Work instruction: The answer should hold only the lines from the one containing "Arched 5 Tier" through the one containing "Zambian Green Emerald" in the entries below, copied exactly, without pictures.

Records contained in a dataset
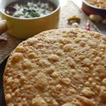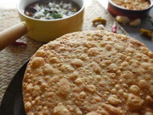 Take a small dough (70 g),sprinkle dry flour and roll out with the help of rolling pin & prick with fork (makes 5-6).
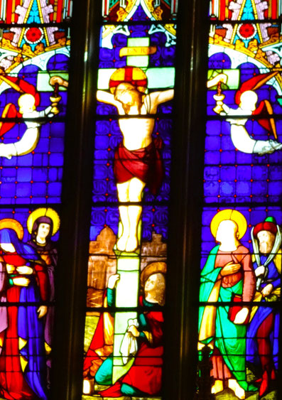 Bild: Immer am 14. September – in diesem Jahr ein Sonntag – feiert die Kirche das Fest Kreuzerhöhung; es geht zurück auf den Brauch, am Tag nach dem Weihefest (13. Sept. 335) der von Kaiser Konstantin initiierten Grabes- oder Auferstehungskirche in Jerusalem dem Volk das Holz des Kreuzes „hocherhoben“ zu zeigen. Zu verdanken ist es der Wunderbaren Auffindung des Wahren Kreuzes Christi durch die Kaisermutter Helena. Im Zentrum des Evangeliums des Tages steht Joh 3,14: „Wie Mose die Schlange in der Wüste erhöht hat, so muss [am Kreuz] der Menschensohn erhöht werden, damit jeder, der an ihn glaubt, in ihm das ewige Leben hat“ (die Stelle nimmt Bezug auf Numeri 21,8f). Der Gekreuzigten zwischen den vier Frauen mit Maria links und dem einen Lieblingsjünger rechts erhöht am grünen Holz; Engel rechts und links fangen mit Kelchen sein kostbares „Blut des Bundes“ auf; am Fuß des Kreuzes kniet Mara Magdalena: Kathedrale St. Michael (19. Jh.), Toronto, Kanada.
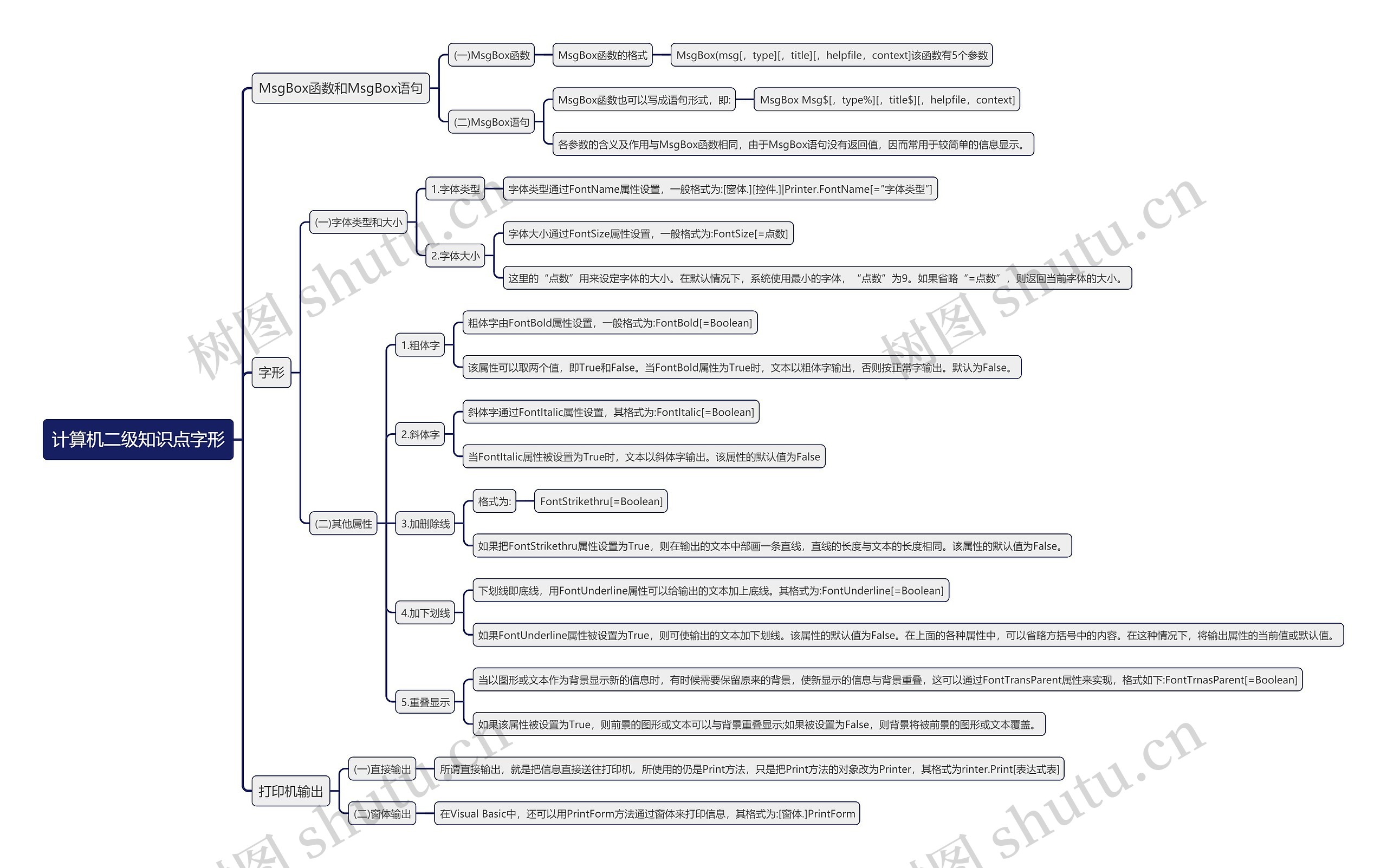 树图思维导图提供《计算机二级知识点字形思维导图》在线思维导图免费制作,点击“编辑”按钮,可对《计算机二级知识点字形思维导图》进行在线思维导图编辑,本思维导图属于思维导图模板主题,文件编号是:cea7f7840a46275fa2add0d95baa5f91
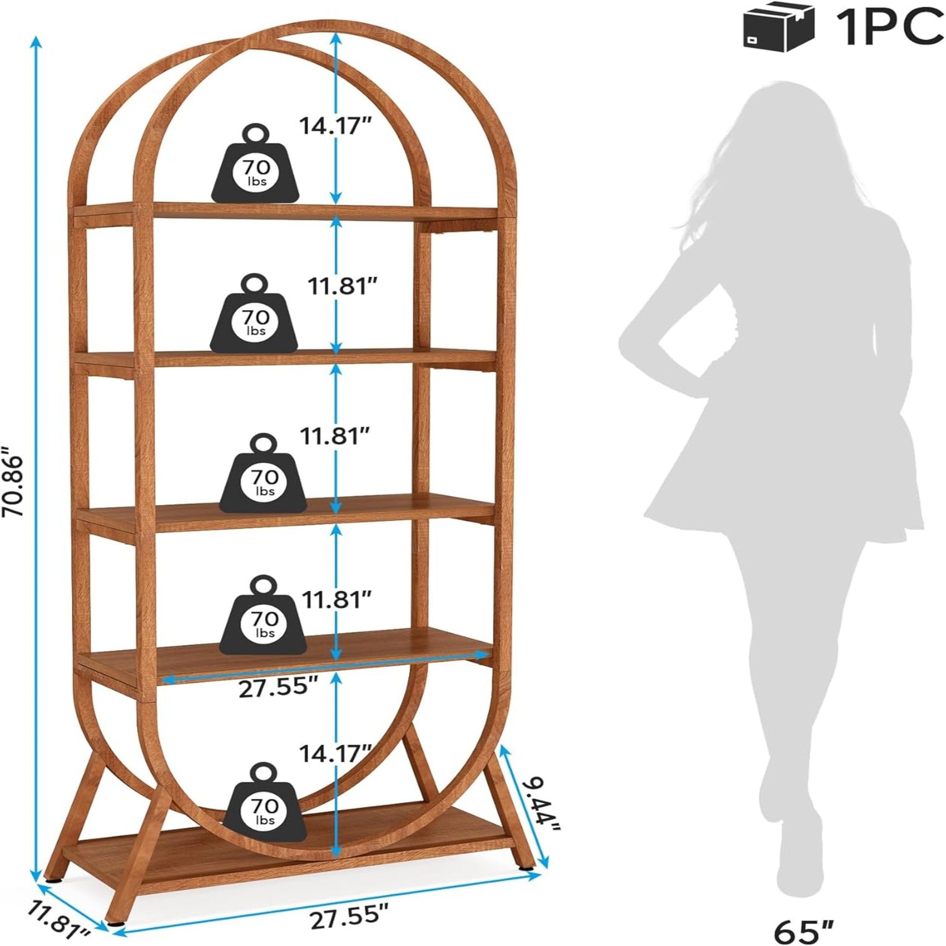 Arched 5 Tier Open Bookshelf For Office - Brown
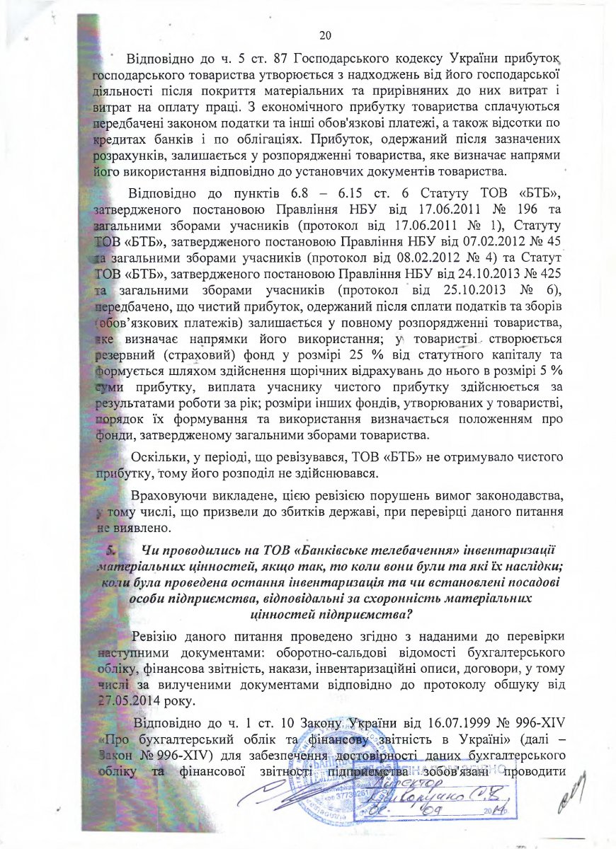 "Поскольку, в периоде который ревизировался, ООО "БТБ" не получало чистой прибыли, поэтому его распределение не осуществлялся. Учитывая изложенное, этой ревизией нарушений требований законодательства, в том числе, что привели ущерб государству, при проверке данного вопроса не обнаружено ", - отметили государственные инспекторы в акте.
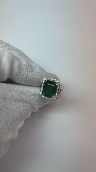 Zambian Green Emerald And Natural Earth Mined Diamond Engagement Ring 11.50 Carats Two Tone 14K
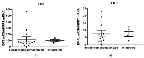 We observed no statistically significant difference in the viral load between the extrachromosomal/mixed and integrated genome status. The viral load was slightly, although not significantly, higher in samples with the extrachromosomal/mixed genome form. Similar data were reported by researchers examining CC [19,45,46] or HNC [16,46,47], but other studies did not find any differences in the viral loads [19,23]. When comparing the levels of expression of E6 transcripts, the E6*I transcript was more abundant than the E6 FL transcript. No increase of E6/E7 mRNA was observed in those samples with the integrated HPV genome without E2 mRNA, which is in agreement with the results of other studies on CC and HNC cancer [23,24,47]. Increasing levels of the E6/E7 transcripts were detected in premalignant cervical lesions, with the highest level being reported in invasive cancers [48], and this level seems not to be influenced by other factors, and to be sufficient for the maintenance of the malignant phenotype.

Answer space:
 Arched 5 Tier Open Bookshelf For Office - Brown
 "Поскольку, в периоде который ревизировался, ООО "БТБ" не получало чистой прибыли, поэтому его распределение не осуществлялся. Учитывая изложенное, этой ревизией нарушений требований законодательства, в том числе, что привели ущерб государству, при проверке данного вопроса не обнаружено ", - отметили государственные инспекторы в акте.
 Zambian Green Emerald And Natural Earth Mined Diamond Engagement Ring 11.50 Carats Two Tone 14K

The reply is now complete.